Tuesday, August 7, 2007

Screening + discussion: “My Architect: A Son’s Journey,” 2003, Dir. Nathaniel Kahn


http://www.myarchitectfilm.com

Questions and Notes for Discussion

Take note of Kahn’s drawings – some of them are very rough, and not all that “draughtsman-like” yet they capture the basic structure of buildings, light and space.

Motif - (pronounced mo-teef) - A French term which refers to: the subject matter or content of a work of art (e.g., a landscape motif); also refers to a visual element used in a work of art, as in a recurring motif (i.e., Warhol used the motif of soup cans in his early works; or Mondrian used rectangles as a visual motif). Much of Kahn’s architecture uses recurring motifs of simple geometric shapes: circles, squares, and triangles. Why do you think this is?

Kahn believed in “the truth of materials.” There is a passage in the film where he describes the beginnings of his working process by talking to a brick, and asking the brick what it wants to be. What do you think this means, and how does it help us understand his thought process?

Louis Kahn built very few buildings in his career, yet he was considered a great architect and a true artist.
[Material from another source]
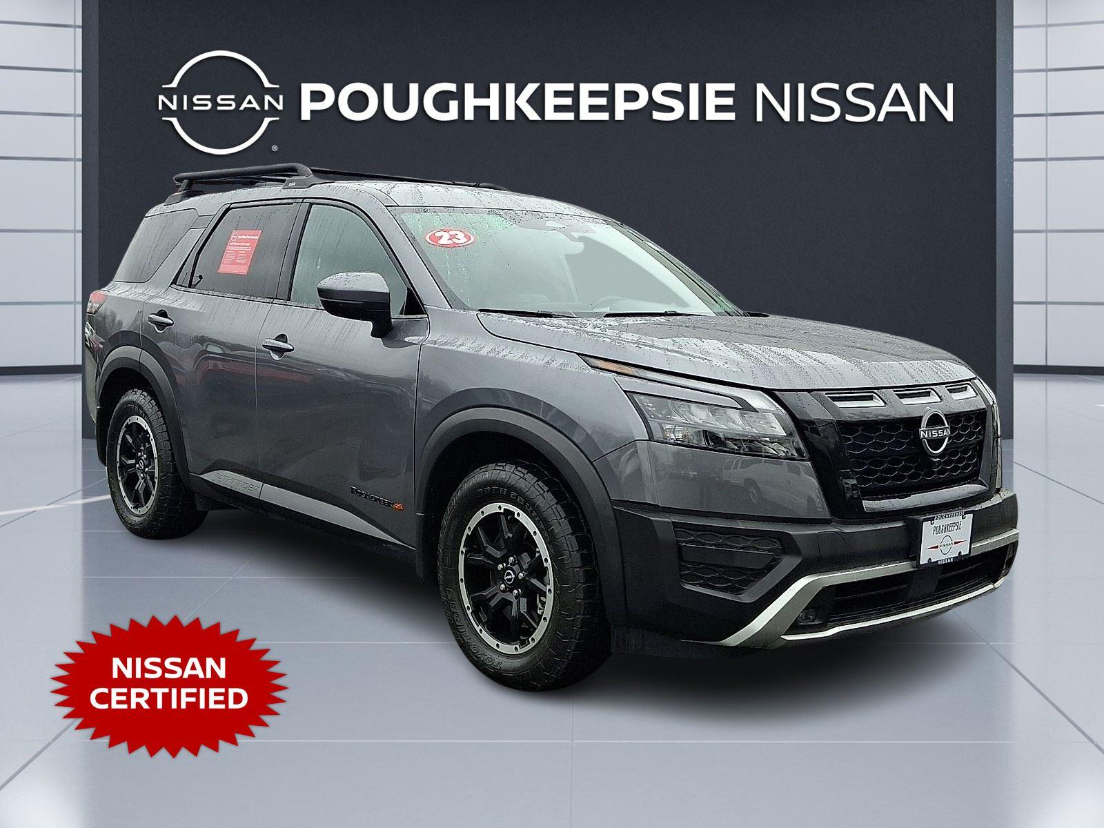 This Certified 2022 Nissan Pathfinder SV, has a Deep Ocean Blue Pearl exterior and an Charcoal interior color. 75,737 miles. Stock Number PU6087T. You can connect with us by calling 845-297-4314 Important Package and Feature Information Carpeted Floor Mats ($255 value)Includes 4 piece carpeted floor mats. Safety and Security Forward collision mitigation - Forward thinking. You look away for just a second and suddenly the vehicle in front of you has stopped. That's when the forward collision mitigation system comes to life. When it senses an impending impact, it will activate a combination of features to help prevent or reduce the severity of an accident. Forward collision mitigation is always looking ahead. Pedestrian impact prevention - An extra step toward safety. Pedestrians don't always stop, look, and listen, but with Pedestrian Impact Prevention, your vehicle is equipped to better see them and avoid them. This system constantly monitors the road ahead to identify and track pedestrians. It projects that image to an interior display screen, AND should an impact become likely, Pedestrian impact prevention takes steps to avoid a collision. Hands-on cruise control. Set it and forget it. Road trips used to be stressful. Cruise control only managed speed, but not distance or safety. Now, with hands-on cruise control, simply set your desired speed and let sensor technology maintain a safe distance between you and surrounding vehicles. It slows you down; speeds you up and even keeps you in your own lane. Meet your ultimate co-pilot with hands-on cruise control.Technology and Telematics Smart device mirroring - Smartphone, meet smart car. You can control your device through your vehicle's infotainment system. Smart device mirroring brings together safety and convenience by making it easier to find what you're looking for while keeping your eyes on the road. Mobile hotspot - WiFi on the fly. Connect your devices to the Internet through your vehicle's private mobile hotspot and take the internet wherever your journey takes you, without eating up your data allowance. Find the hotspot with mobile hotspot. DEEP OCEAN BLUE PEARL, CHARCOAL, CLOTH SEATING SURFACES, [C03] 50 STATE EMISSIONS, [L92] BENCH SEAT CARPETED FLOOR MATS (SET OF 4) At Poughkeepsie Nissan, we're here to Serve you! Our staff is 100% dedicated to customer satisfaction and we understand that you need clear, transparent information throughout the car buying process. With our live market pricing philosophy, we offer the right cars at the right price, and the transparency to back it up!

I. M. Pei, another great architect who was commercial success, felt that he was not an artistic success. What is artistic success, and are these 2 kinds of success incompatible?

Artists are often stereotyped as temperamental, difficult to work with, and (if they are male) womanizers. This seems to have been the case with Kahn, as well as artists like Pablo Picasso, Jackson Pollock, and even Michelangelo. Does an artist’s social behavior affect the way you view their work? Is biography important?